- [DATASET CONTENT]
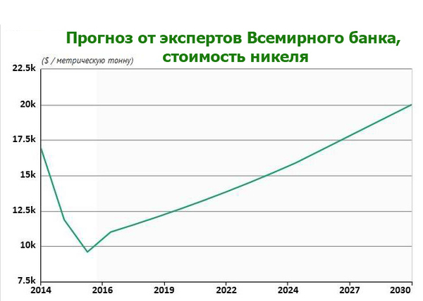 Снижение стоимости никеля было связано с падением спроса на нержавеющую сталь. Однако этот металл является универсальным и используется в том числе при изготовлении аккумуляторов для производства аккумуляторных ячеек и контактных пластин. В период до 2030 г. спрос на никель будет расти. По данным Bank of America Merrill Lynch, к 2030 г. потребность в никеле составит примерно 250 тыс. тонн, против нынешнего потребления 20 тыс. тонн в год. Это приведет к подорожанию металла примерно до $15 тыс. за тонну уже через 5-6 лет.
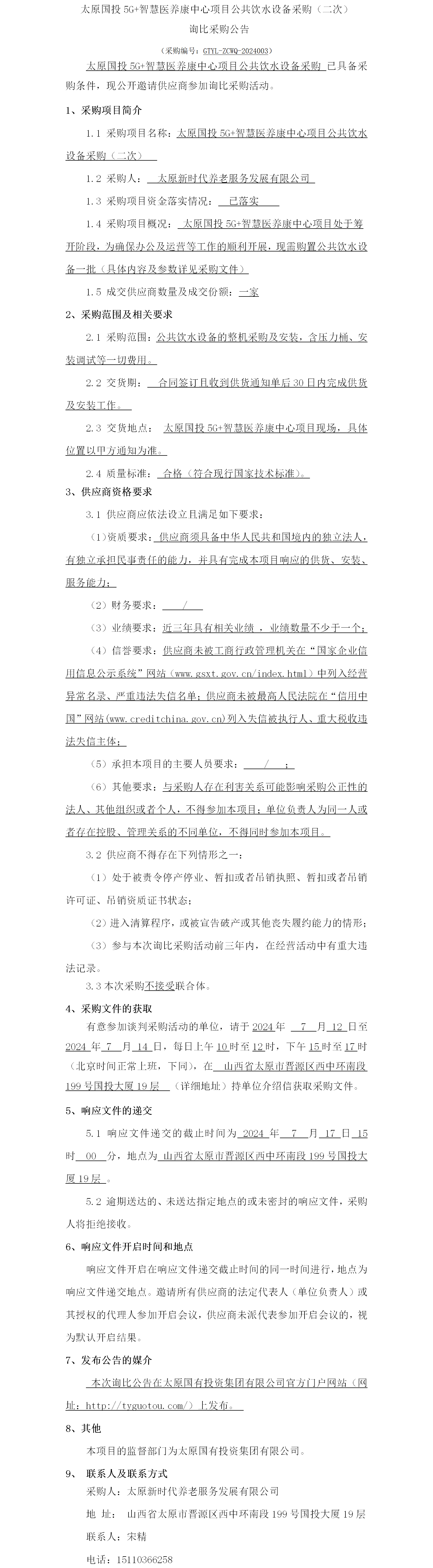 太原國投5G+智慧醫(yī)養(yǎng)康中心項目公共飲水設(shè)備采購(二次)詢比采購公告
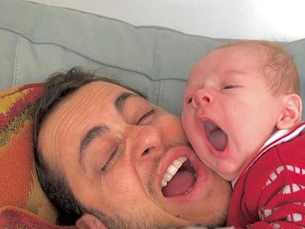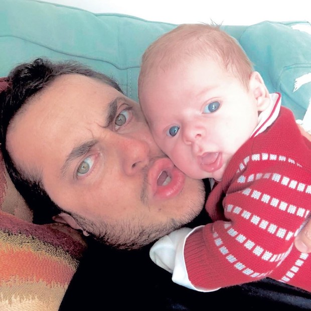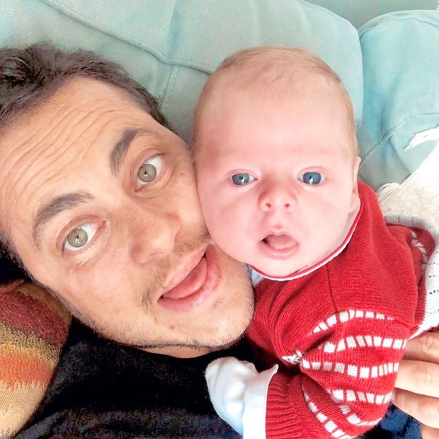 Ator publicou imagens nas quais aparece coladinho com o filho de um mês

- [WHAT THE EXERCISE ASKS] With the pictures omitted, write out exactly the lines from the one that contains "太原國投5G+智慧醫(yī)" through the final line of the material above, both ends included.

- [REPLY TO THE TASK]
 太原國投5G+智慧醫(yī)養(yǎng)康中心項目公共飲水設(shè)備采購(二次)詢比采購公告
 Ator publicou imagens nas quais aparece coladinho com o filho de um mês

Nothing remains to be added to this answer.